*** Opening Recorded data ***

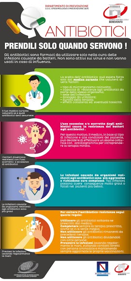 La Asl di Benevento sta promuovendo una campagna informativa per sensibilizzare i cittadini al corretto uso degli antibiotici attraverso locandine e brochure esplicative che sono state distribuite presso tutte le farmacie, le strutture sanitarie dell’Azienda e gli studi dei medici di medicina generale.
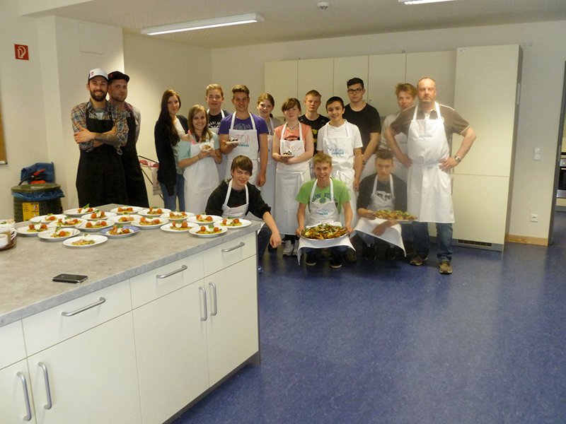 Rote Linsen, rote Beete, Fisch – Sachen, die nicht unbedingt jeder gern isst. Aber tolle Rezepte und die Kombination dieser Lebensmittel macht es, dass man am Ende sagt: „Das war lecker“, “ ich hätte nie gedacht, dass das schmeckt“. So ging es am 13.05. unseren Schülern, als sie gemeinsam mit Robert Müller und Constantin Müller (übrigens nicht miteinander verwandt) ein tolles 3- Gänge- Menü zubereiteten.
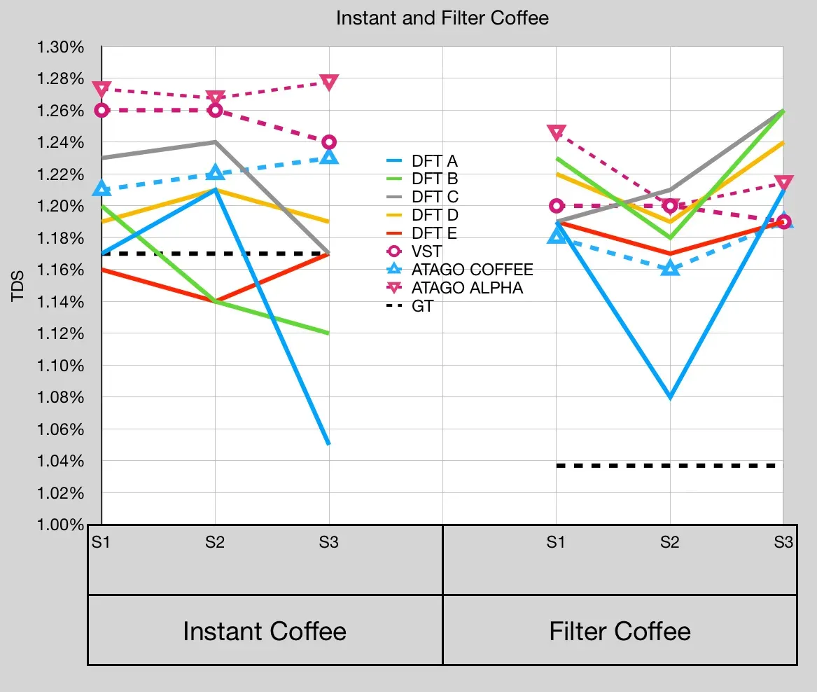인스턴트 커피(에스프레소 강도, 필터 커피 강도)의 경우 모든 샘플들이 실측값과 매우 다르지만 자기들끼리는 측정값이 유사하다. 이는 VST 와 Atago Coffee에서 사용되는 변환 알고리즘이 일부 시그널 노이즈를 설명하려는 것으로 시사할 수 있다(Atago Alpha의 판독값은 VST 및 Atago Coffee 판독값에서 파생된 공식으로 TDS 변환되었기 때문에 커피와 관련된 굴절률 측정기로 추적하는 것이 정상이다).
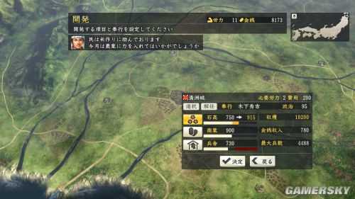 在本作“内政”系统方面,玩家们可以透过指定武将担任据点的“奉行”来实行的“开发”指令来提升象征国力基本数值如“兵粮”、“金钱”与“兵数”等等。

*** Closing Recorded data ***

**What the task requires:** Write out the material above without changing a word, and skip any picture.

**Exercise response:**
 La Asl di Benevento sta promuovendo una campagna informativa per sensibilizzare i cittadini al corretto uso degli antibiotici attraverso locandine e brochure esplicative che sono state distribuite presso tutte le farmacie, le strutture sanitarie dell’Azienda e gli studi dei medici di medicina generale.
 Rote Linsen, rote Beete, Fisch – Sachen, die nicht unbedingt jeder gern isst. Aber tolle Rezepte und die Kombination dieser Lebensmittel macht es, dass man am Ende sagt: „Das war lecker“, “ ich hätte nie gedacht, dass das schmeckt“. So ging es am 13.05. unseren Schülern, als sie gemeinsam mit Robert Müller und Constantin Müller (übrigens nicht miteinander verwandt) ein tolles 3- Gänge- Menü zubereiteten.
인스턴트 커피(에스프레소 강도, 필터 커피 강도)의 경우 모든 샘플들이 실측값과 매우 다르지만 자기들끼리는 측정값이 유사하다. 이는 VST 와 Atago Coffee에서 사용되는 변환 알고리즘이 일부 시그널 노이즈를 설명하려는 것으로 시사할 수 있다(Atago Alpha의 판독값은 VST 및 Atago Coffee 판독값에서 파생된 공식으로 TDS 변환되었기 때문에 커피와 관련된 굴절률 측정기로 추적하는 것이 정상이다).
 在本作“内政”系统方面,玩家们可以透过指定武将担任据点的“奉行”来实行的“开发”指令来提升象征国力基本数值如“兵粮”、“金钱”与“兵数”等等。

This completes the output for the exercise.